Your task |
Go to the line holding "5月17日晚,由学生工作处主" in the data below and repeat it exactly, then each line after it up to and including the one holding "- Grand salon-salle". Omit pictures.

Dataset content |
_ _ _
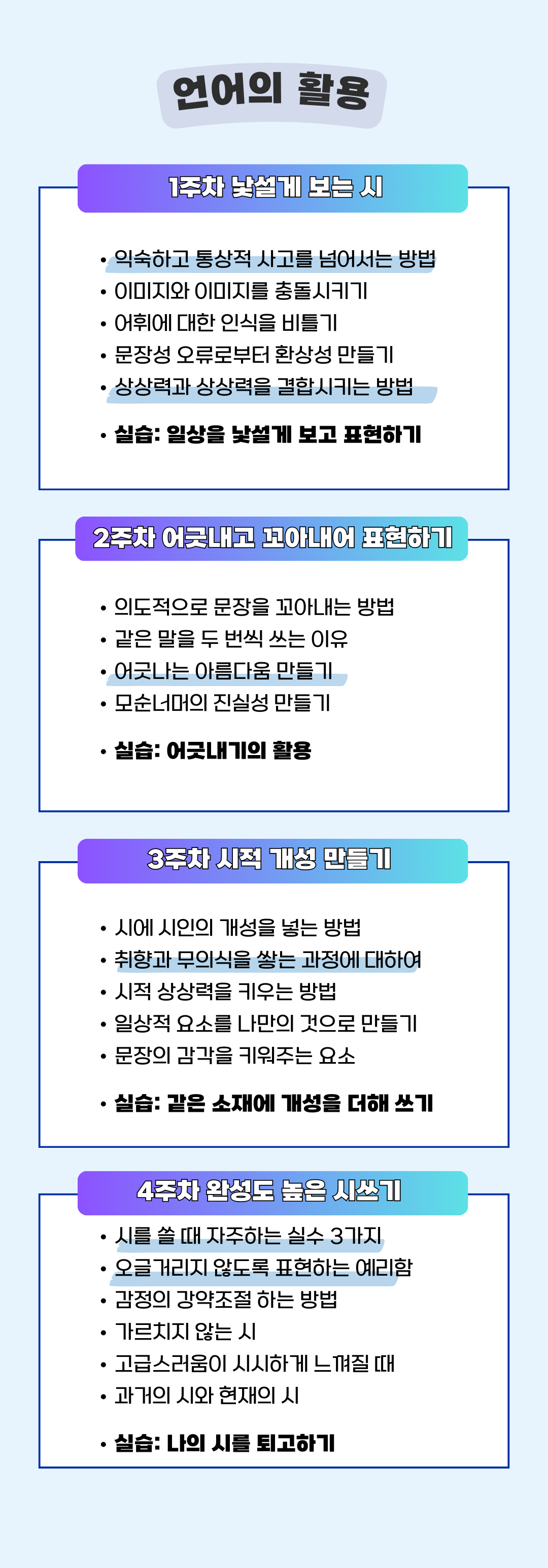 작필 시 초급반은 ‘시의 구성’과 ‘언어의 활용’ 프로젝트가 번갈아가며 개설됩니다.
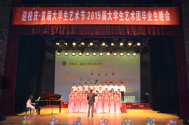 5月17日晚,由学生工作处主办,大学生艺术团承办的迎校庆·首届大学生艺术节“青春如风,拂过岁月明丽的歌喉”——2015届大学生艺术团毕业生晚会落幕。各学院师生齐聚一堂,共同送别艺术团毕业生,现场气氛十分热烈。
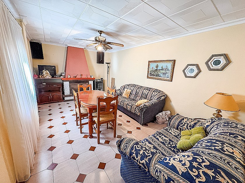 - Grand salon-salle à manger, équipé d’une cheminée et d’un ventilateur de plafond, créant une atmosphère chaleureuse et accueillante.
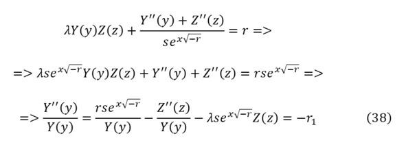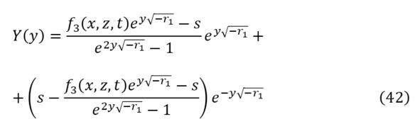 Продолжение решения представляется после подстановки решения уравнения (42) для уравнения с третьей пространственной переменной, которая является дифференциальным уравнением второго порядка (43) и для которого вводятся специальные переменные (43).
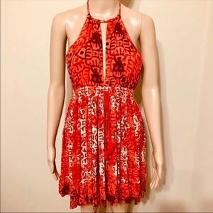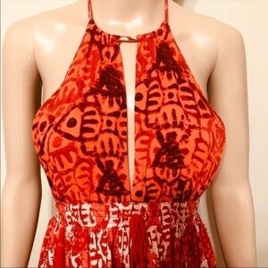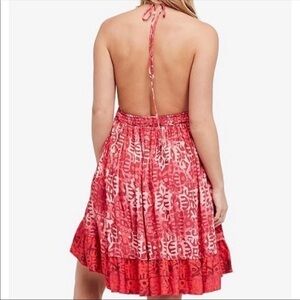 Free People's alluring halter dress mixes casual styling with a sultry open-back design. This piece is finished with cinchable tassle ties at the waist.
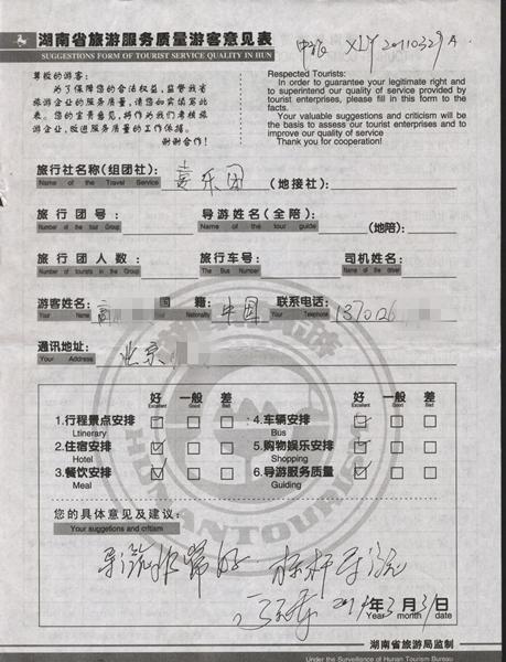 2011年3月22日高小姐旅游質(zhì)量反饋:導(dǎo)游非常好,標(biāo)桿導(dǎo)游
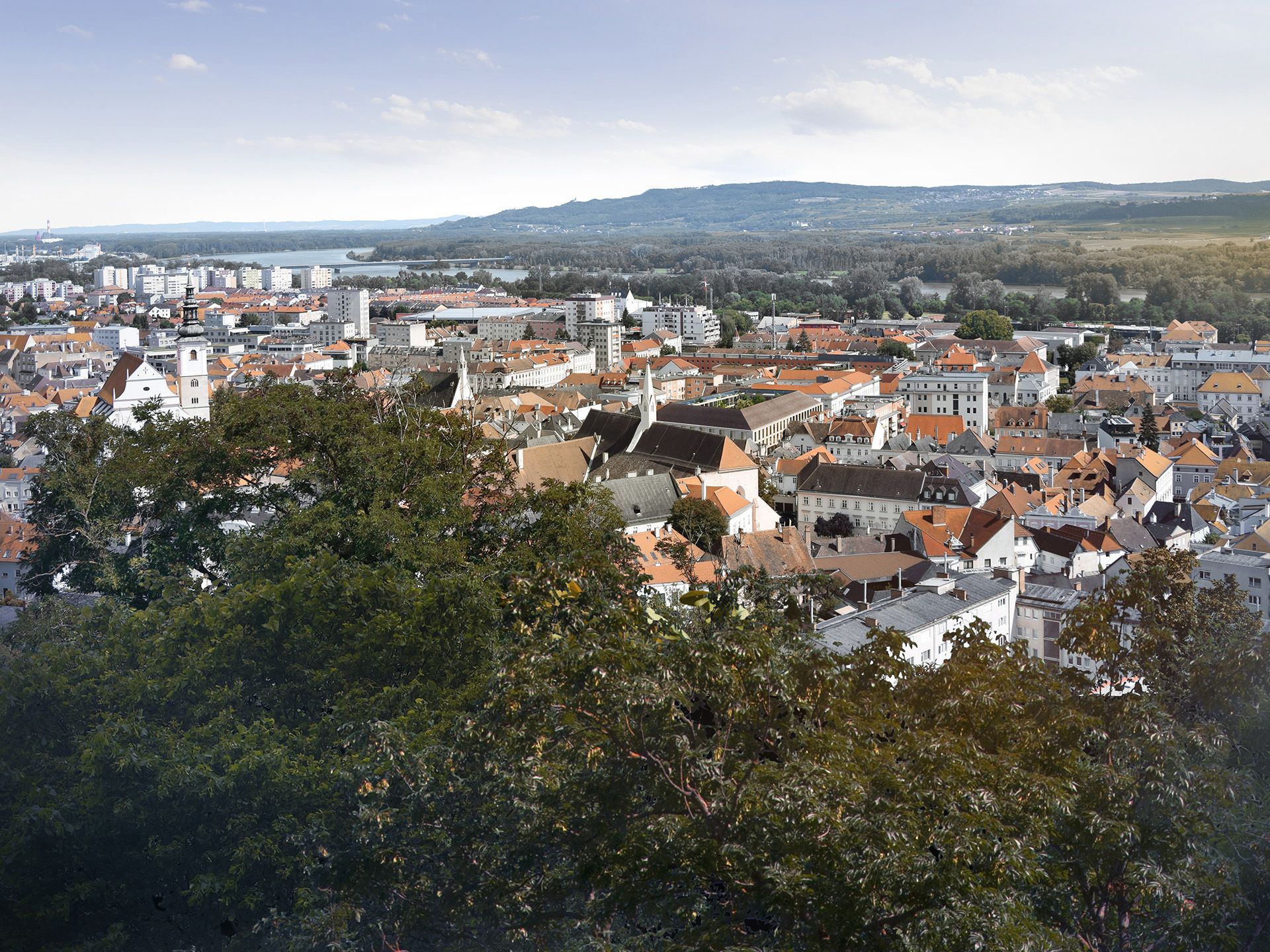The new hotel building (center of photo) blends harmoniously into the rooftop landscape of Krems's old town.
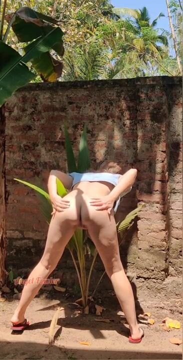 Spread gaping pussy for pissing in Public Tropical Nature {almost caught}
_ _ _
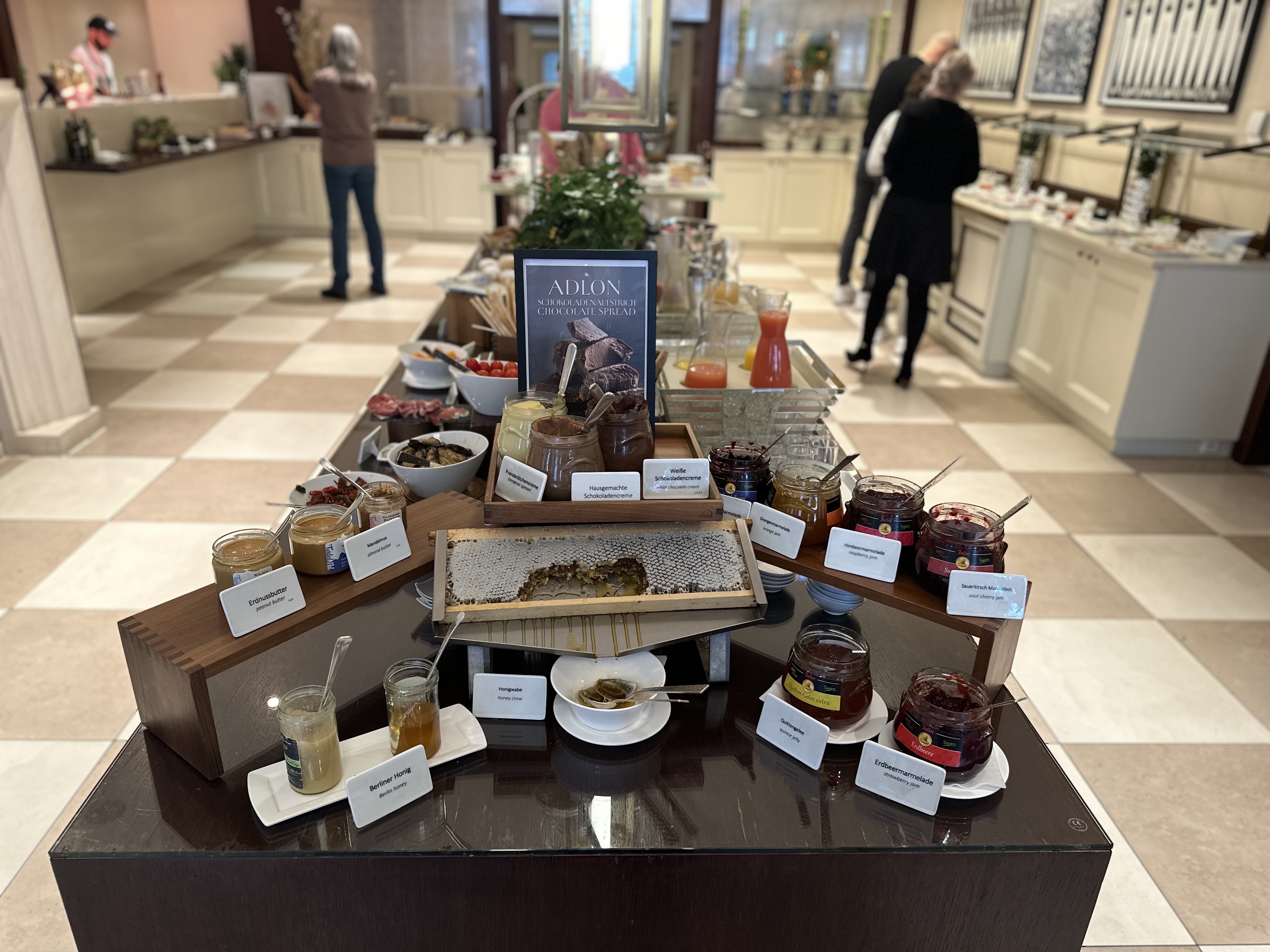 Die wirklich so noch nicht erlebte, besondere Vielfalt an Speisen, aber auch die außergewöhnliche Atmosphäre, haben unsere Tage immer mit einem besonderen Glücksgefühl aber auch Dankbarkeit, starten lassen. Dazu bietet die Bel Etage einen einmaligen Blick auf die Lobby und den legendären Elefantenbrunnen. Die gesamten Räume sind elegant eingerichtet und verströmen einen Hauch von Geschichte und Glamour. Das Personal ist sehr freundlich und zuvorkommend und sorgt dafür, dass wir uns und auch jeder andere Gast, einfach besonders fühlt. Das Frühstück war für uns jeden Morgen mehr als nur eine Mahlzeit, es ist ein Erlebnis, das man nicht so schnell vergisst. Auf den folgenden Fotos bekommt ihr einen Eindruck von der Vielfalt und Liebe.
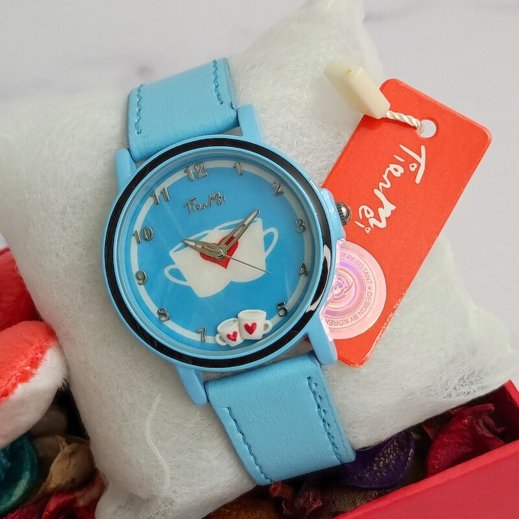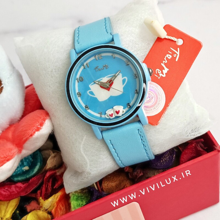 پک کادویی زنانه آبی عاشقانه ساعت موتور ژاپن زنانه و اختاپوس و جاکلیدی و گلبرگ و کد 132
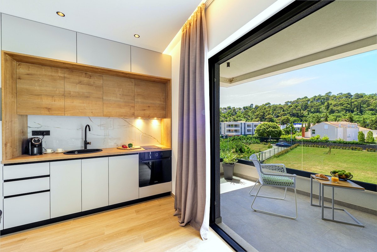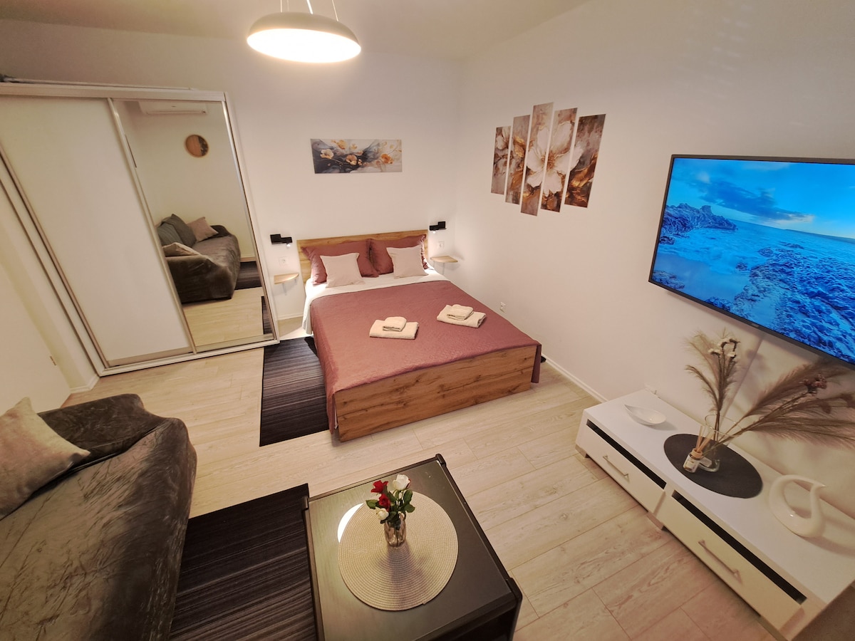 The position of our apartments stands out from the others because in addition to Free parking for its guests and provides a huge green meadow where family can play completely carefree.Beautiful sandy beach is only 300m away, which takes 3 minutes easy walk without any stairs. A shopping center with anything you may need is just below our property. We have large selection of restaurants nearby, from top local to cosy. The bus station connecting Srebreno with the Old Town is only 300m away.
_ _ _
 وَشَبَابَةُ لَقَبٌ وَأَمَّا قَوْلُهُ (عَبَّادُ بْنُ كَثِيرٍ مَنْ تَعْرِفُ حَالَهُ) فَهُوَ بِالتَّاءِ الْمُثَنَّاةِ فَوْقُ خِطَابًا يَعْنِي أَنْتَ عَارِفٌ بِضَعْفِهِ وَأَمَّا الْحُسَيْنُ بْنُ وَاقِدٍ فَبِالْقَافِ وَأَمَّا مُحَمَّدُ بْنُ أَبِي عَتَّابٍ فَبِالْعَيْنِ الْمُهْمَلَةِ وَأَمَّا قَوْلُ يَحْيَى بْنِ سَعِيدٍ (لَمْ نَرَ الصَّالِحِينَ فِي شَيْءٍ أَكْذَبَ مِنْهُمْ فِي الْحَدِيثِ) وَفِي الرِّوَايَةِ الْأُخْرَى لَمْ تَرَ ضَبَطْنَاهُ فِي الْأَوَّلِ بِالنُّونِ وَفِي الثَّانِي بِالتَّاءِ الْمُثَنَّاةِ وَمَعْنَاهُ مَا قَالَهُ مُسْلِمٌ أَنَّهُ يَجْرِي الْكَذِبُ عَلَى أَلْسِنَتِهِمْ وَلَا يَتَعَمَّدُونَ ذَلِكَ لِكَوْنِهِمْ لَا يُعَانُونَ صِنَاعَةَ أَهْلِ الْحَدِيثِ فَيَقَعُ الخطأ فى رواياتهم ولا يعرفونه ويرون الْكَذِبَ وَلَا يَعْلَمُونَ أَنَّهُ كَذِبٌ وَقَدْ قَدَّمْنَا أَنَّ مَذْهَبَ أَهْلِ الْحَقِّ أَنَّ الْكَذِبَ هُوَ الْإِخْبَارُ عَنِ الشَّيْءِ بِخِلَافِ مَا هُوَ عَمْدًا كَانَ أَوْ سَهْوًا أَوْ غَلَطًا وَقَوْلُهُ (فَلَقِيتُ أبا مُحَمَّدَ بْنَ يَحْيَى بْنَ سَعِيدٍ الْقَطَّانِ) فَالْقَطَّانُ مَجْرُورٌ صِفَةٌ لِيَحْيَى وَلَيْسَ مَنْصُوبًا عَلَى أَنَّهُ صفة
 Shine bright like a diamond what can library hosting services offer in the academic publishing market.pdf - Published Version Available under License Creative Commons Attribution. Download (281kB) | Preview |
_ _ _
Your solution |
 5月17日晚,由学生工作处主办,大学生艺术团承办的迎校庆·首届大学生艺术节“青春如风,拂过岁月明丽的歌喉”——2015届大学生艺术团毕业生晚会落幕。各学院师生齐聚一堂,共同送别艺术团毕业生,现场气氛十分热烈。
 - Grand salon-salle à manger, équipé d’une cheminée et d’un ventilateur de plafond, créant une atmosphère chaleureuse et accueillante.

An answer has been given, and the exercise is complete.